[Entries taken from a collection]
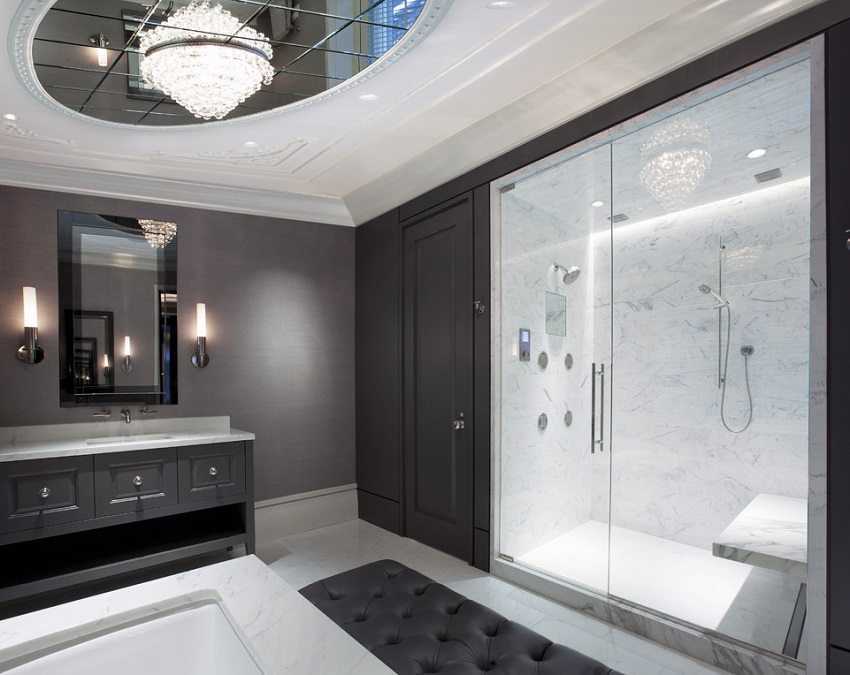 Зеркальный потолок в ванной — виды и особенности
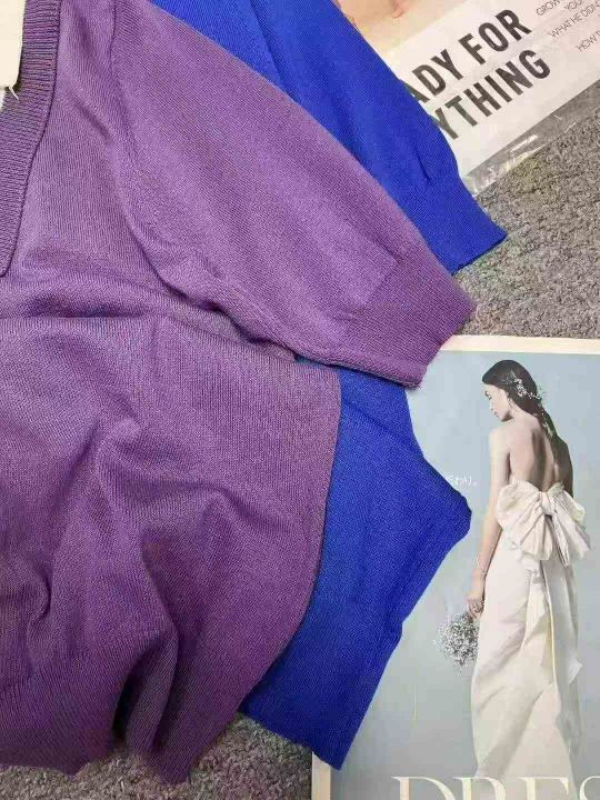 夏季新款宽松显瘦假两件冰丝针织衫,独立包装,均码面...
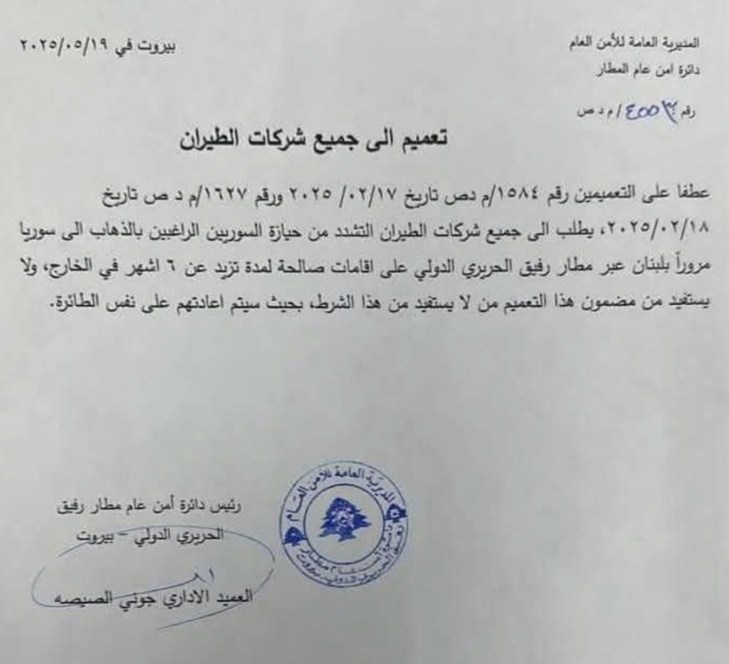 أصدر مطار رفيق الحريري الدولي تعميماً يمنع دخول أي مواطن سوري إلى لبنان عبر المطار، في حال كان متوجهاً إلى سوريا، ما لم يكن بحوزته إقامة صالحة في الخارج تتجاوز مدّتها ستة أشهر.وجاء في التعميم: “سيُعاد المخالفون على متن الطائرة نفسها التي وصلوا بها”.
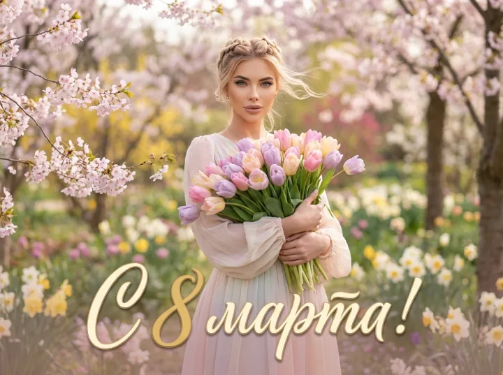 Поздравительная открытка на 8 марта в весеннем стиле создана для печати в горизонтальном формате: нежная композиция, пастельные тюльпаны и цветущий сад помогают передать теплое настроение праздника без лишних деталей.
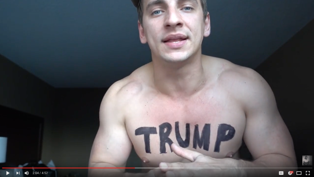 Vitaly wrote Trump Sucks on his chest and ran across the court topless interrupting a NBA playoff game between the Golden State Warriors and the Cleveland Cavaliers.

◆ **WHAT TO DO**
Please copy the preceding records exactly and omit the images.

◆ **EXERCISE SOLUTION**
 Зеркальный потолок в ванной — виды и особенности
 夏季新款宽松显瘦假两件冰丝针织衫,独立包装,均码面...
 أصدر مطار رفيق الحريري الدولي تعميماً يمنع دخول أي مواطن سوري إلى لبنان عبر المطار، في حال كان متوجهاً إلى سوريا، ما لم يكن بحوزته إقامة صالحة في الخارج تتجاوز مدّتها ستة أشهر.وجاء في التعميم: “سيُعاد المخالفون على متن الطائرة نفسها التي وصلوا بها”.
 Поздравительная открытка на 8 марта в весеннем стиле создана для печати в горизонтальном формате: нежная композиция, пастельные тюльпаны и цветущий сад помогают передать теплое настроение праздника без лишних деталей.
 Vitaly wrote Trump Sucks on his chest and ran across the court topless interrupting a NBA playoff game between the Golden State Warriors and the Cleveland Cavaliers.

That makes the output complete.